Electron self-exchange dynamics of hexacyanoferrate in redox polyether hybrid molten salts containing polyether-tailed counterions

Hexacyanoferrate(III) is combined with a quaternary ammonium countercation consisting of triethylammoninm connected to a poly(ethylene glycol) methyl ether (MW 350) "tail", to form a highly viscous room-temperature redox polyether hybrid melt (e.g., a molten salt) in which the concentration of hexacyanoferrate centers is 0.82 M. Microelectrode voltammetry and potential step chronoamperometry in the undiluted melt give an apparent diffusion coefficient D_APP = 2.5 × 10^-10 cm²/s at 20 °C that is interpreted as reflecting primarily the rate of electron self-exchange between Fe(II) and Fe(III) centers.
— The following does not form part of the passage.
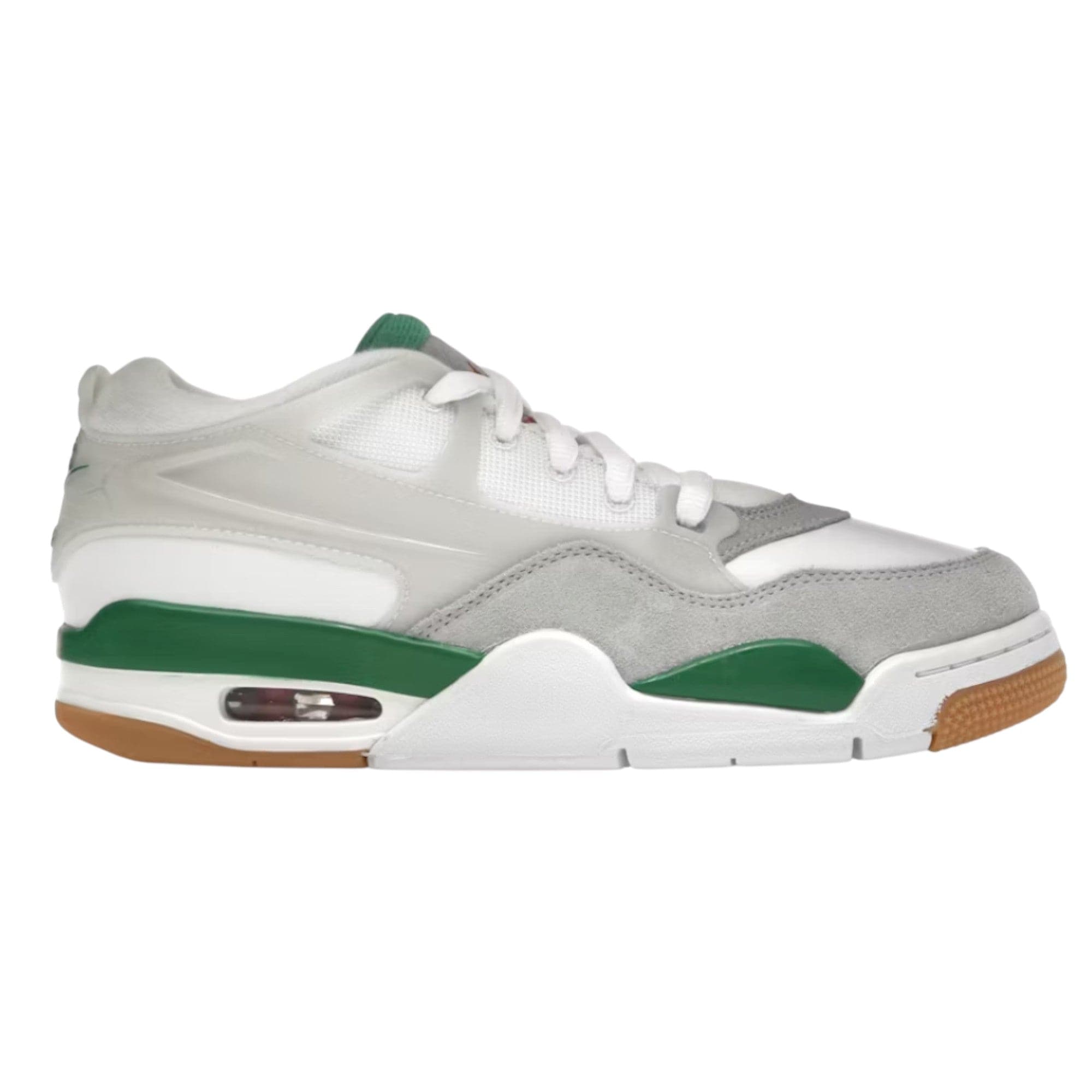 The Pine Green Jordan 4 RM is made with a base of white leather. This material forms the toe box and the heel area, while a light grey suede mudguard rounds out the forefoot. The eyestays, wings, and heel of the shoe are joined together to make a supportive cage around the foot, while the Nike Air logo appears on the back of the heel in Pine Green. A red Jumpman logo adorns the tongue in red, and a Pine Green midsole supports the back half of the shoe. There is a visible transparent Air unit under the heel.

A rate constant of k_EX = 1.1 × 10⁵ M^-1 s^-1 is derived from this D_APP, and from its temperature dependence, an activation energy barrier of 30 kJ/ mol. k_EX is in good agreement with results in fluid solutions. At the same concentration (0.82 M), but in aqueous solution, the (potassium salt) hexacyanoferrate species displays a D_APP of 4 × 10^-6 cm²/s, which is interpreted as reflecting physical transport of the hexacyanoferrate species. Transport of the hexacyanoferrate species is enormously "plasticized" in aqueous medium as opposed to the highly viscous polyether melt. Electronic spectra and ionic conductivity of the hybrid redox polyether melt are also reported.